Soup was a brief encounter at the same little pub that used to be my neighborhood hangout, and she came on to me strong. Both she and a few of her friends invited me to their “intentional community” living space for a weekly dinner they host, and as I was leaving Soup was stepping out for a smoke… she asked if she could kiss me goodnight, which turned into a several-minute makeout session on the sidewalk. Then she never returned my calls, her friends didn’t answer my messages, I never got any details about the dinner invitation, and the next time I saw Soup at the bar she pretended I didn’t exist.
Then a funny thing happened when I attempted to make it to the Folsom Street Fair this year in San Francisco. “Attempted,” because through circumstances beyond my control, I arrived several hours later than I’d planned, just as everything was closing down. Hadn’t even eaten that day, and it was already nearly 7pm! So I stopped by the Center for Sex and Culture to see what might be going on, and found that I had barely missed a group of authors reading their own work… so I sat around and chatted a bit with the few folks there — got to see some old friends and make a few new ones. The funny thing is, I thought the day had been a total flop; I missed out on all the cool stuff, and ended up with a little conversation as a crummy consolation prize. One of the new friends I made was headed the same way as me on mass transit, so we walked back to the subway together and took the same train partway (I had to transfer to get back home.)
Then the next day, I got an invitation from this new friend — we’ll call her MFP — to her birthday party a couple days later. I’m not one to easily turn down an invitation to watch a burlesque show and sing karaoke with a bunch of queermos, so I went, had a great time, and found myself making eyes at MFP while she performed her last karaoke track of the night — “Queer” by Garbage. She was eying me back just as much, and towards the end of the song, during an instrumental break, she came over and made out with me.

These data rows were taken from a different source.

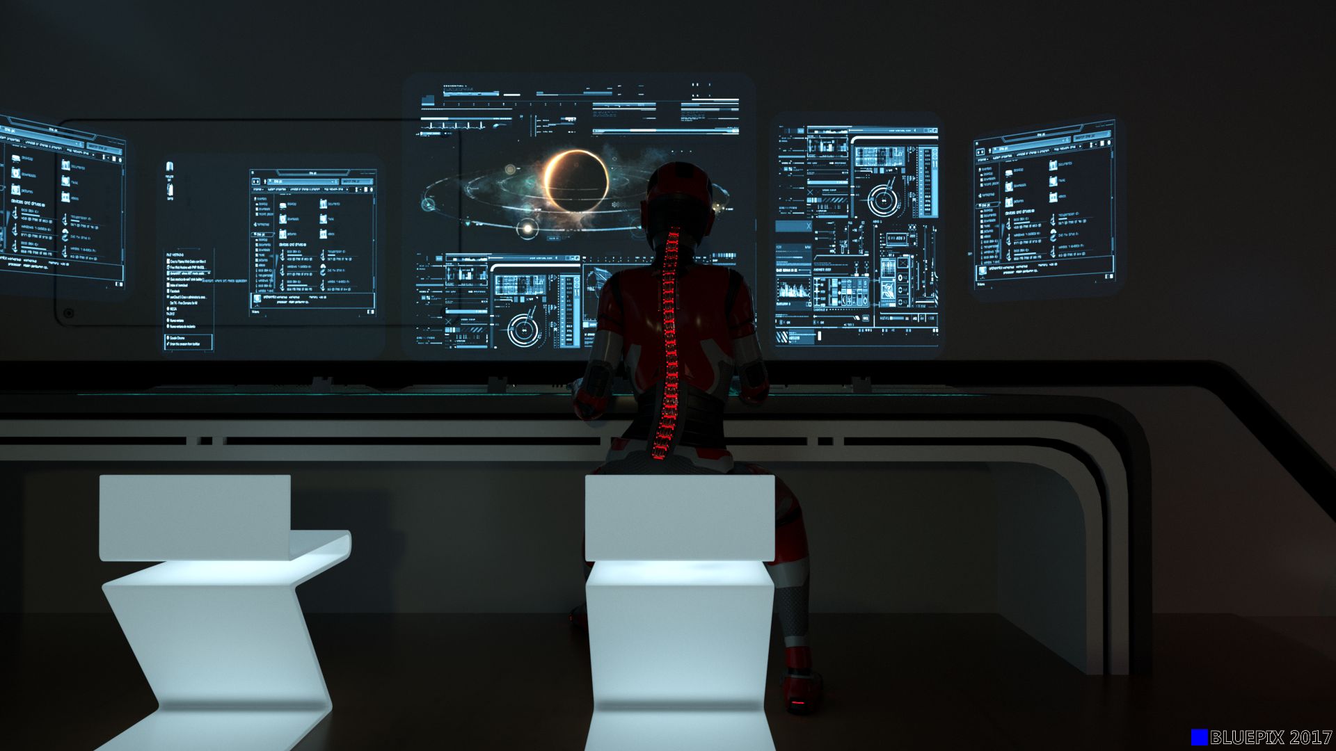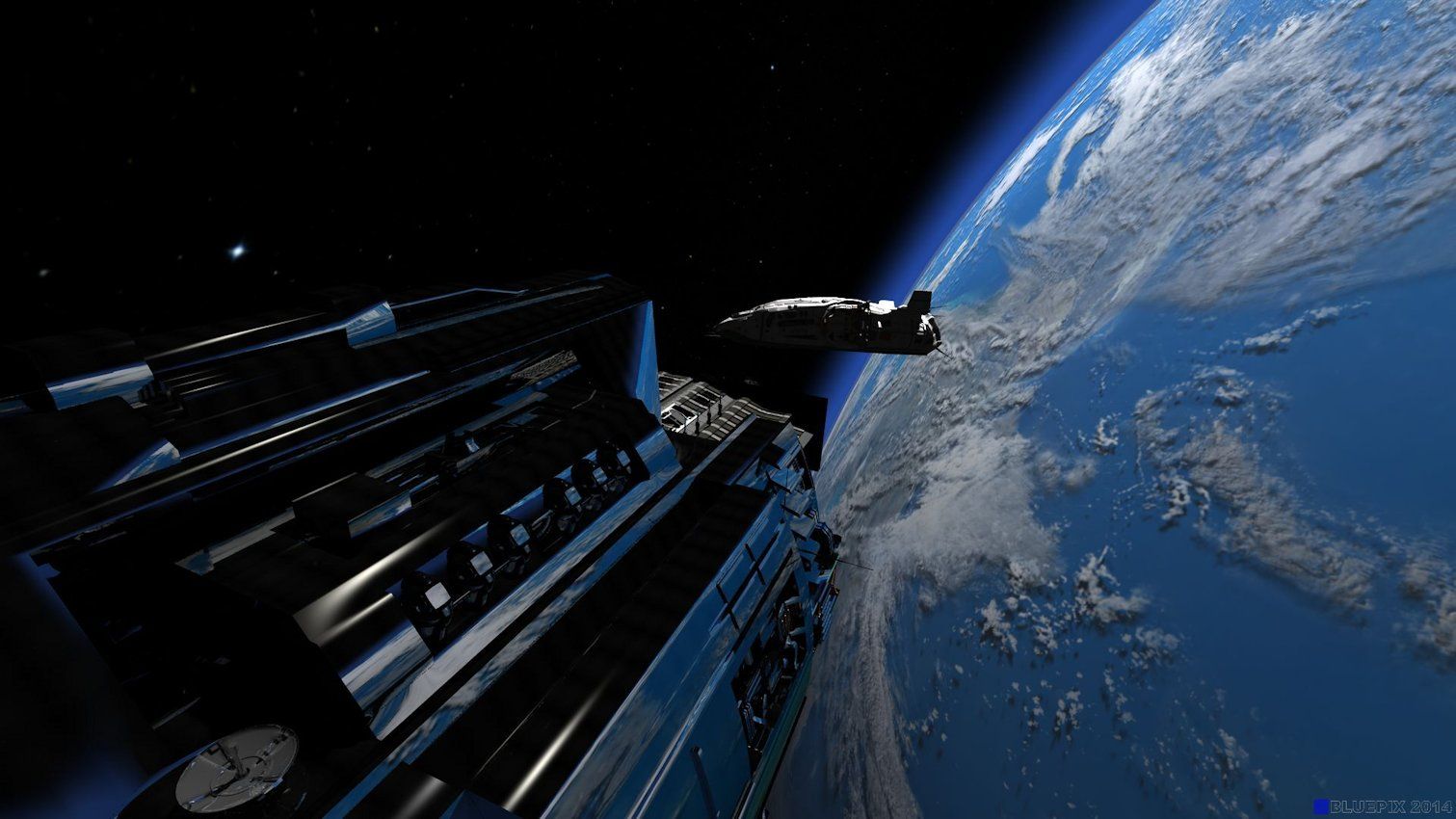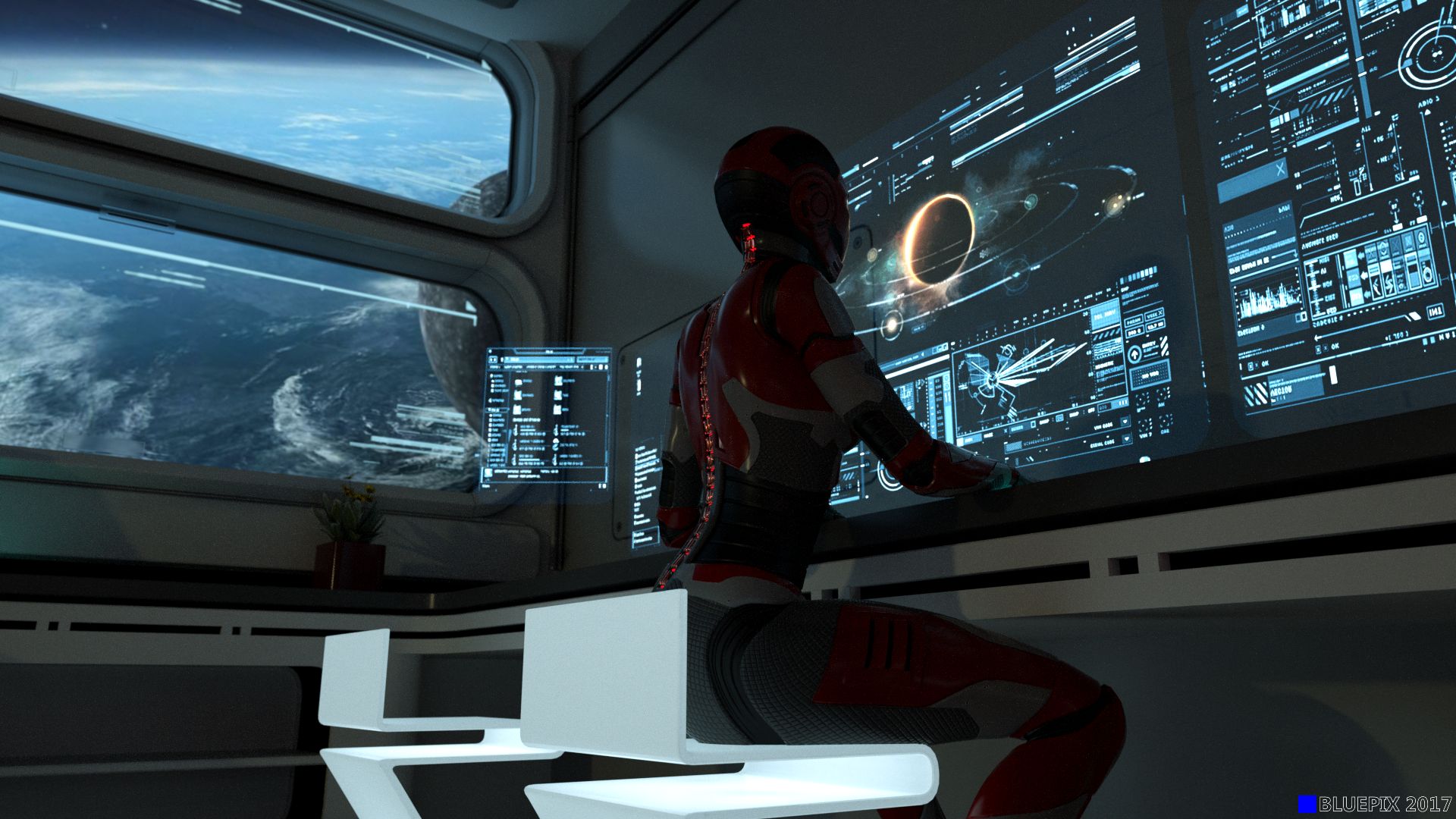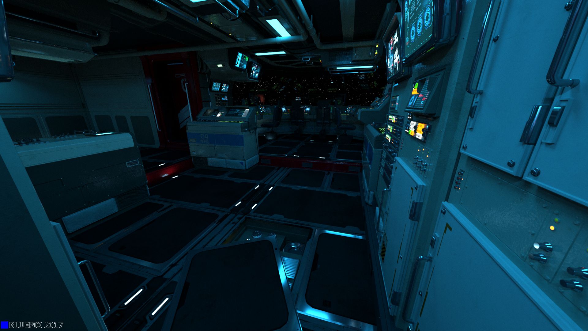 Die Gesamtausleuchtung kommt also (wie in vergleichbarer realen Situation) nur über etliche schwache Quellen (Schreibtischlampe, Monitore, Displays usw.) im Raum und durch die Sterne bzw. Planeten von außen zustande.
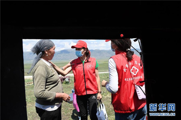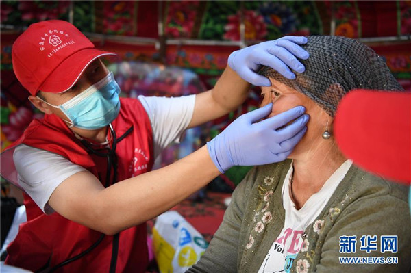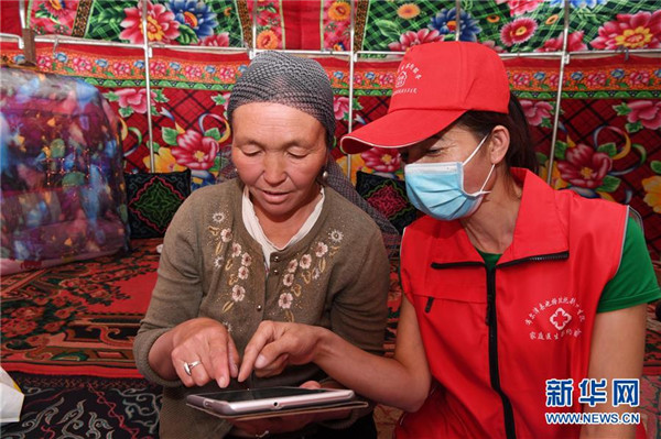 6月20日,新疆阿勒泰地區(qū)布爾津縣也格孜托別鄉(xiāng)克孜勒托蓋村村醫(yī)在布爾津縣黑流灘草原給牧民巴合提古麗·塔拉甫汗檢查身體。圍繞實(shí)現(xiàn)人人享有基本醫(yī)療衛(wèi)生服務(wù)目標(biāo),2016年起,新疆布爾津縣開展家庭醫(yī)生簽約服務(wù)工作。該縣組建家庭醫(yī)生簽約團(tuán)隊(duì)65個(gè),團(tuán)隊(duì)醫(yī)務(wù)人員233名,通過手機(jī)APP、基本公衛(wèi)系統(tǒng)與全縣建檔立卡貧困戶進(jìn)行電子化簽約,提升村醫(yī)隨訪的工作效率和質(zhì)量。截至目前,已完成簽約42936人,履約40043人。新華社記者沙達(dá)提攝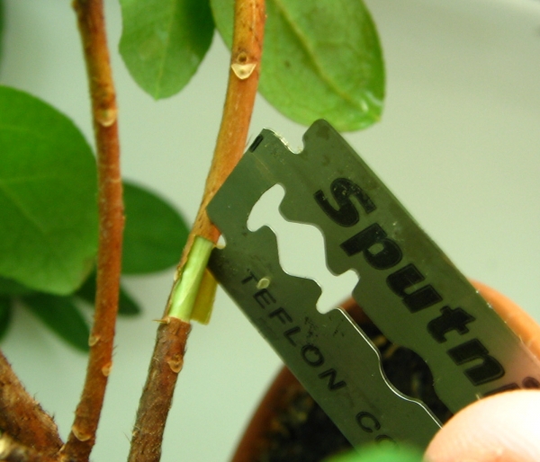 То же самое у Азалии. У Азалии кора тонкая, поэтому надрезать кору нужно очень аккуратно.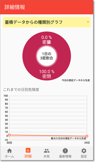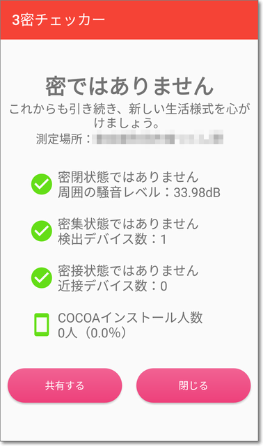 「今すぐ3密状態をチェック」をタップすると、現状を分析してくれます。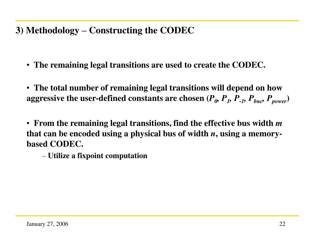 3) Methodology – Constructing the CODEC The remaining legal transitions are used to create the CODEC. The total number of remaining legal transitions will depend on how aggressive the user-defined constants are chosen (P0, P1, P-1, Pbnc, Ppower) From the remaining legal transitions, find the effective bus width m that can be encoded using a physical bus of width n, using a memory-based CODEC. Utilize a fixpoint computation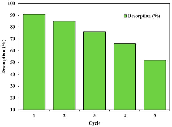 Regeneration plays a crucial role in creating cost-effective adsorbents for fluoride adsorption. In this experiment, 0.1 M NaOH was employed as the regenerating means over five cycles. The desorption efficiency gradually declined from 91% during the first cycle to 53% by the fifth cycle, as shown in Figure 9 These results suggest that 0.1 M NaOH is a viable option for regenerating spent biochar, making it a practical choice for industrial and commercial applications.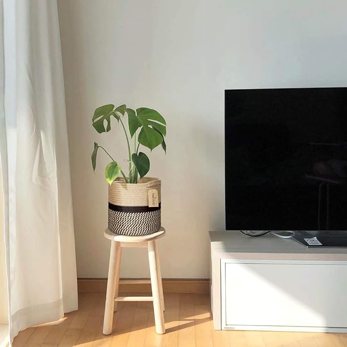 TIMEYARD Sturdy Jute Rope Plant Basket Modern Woven Basket up to 7.5 Inch Flower Pot Floor Indoor Planters, 8” x 8” Storage Organizer Baskets Rustic Home Decor, Black Stripes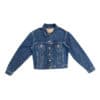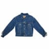 Vintage 80s Levis dark to medium blue denim jacket, model 77715-0289. This jacket features four chest pockets, two with button closures, red tag and the classic inner patch. On the bottom back there are the classic adjustable button straps for a more tapered fit. This jacket is in good condition. Photos show both cuffs rolled and unrolled.

There’s this joke I’ve heard a few times, something along the lines of “Q: What does a lesbian bring on a second date? A: A moving truck.” Well, it wasn’t quite that quick, and we both recognized that NRE was in play and we shouldn’t rush together even if we felt like everything was perfect… but we were both already looking for housing, and we did both have limited resources on our own… and as we got to know each other a bit better, we found that we could stand to live with each other and finally after lots of hard work from us both, lots of uncertainty and last-minute gambles, we landed a 2-bedroom apartment in an amazing neighborhood for a great price! We’re slowly getting settled in our new place, and we’ll be having a housewarming party at the end of the week.
I’m still trying to find folks to be fuckbuddies, but it’s not going so great. MFP and I have a fair amount of overlap in our sexual interests and preferences, but we have just as much that doesn’t mesh, and although I’ve been grateful and delighted to have so many wonderful sexytimes with her… I still have other aspects of my sexual needs left unfulfilled . When my options seem to be limited to “hang out at a bar, spend money on booze, hope there’s a chance of meeting a girl” and “hang out on OkCupid and write messages to women who almost never write back” I’m not terribly surprised that I’m not getting any better results. I did have one chick write to me on OkC, said she’d love to hook up while she was in town for a week. We exchanged phone numbers, sent a few text messages back and forth, picked a day to meet… and then she cancelled late the day before, and rescheduled tentatively for sometime a few days later — which she also backed out of last minute, just before leaving town. Says she might be around again in a few months, or if I’m ever a few states away where she lives, to look her up. Why do I still expect people to have the fucking decency to be able to schedule an date and time to meet, and to follow through with that? It seems to be a forgotten relic of ancient times, or something. A mythical lore known only to a few bizarre freaks like me.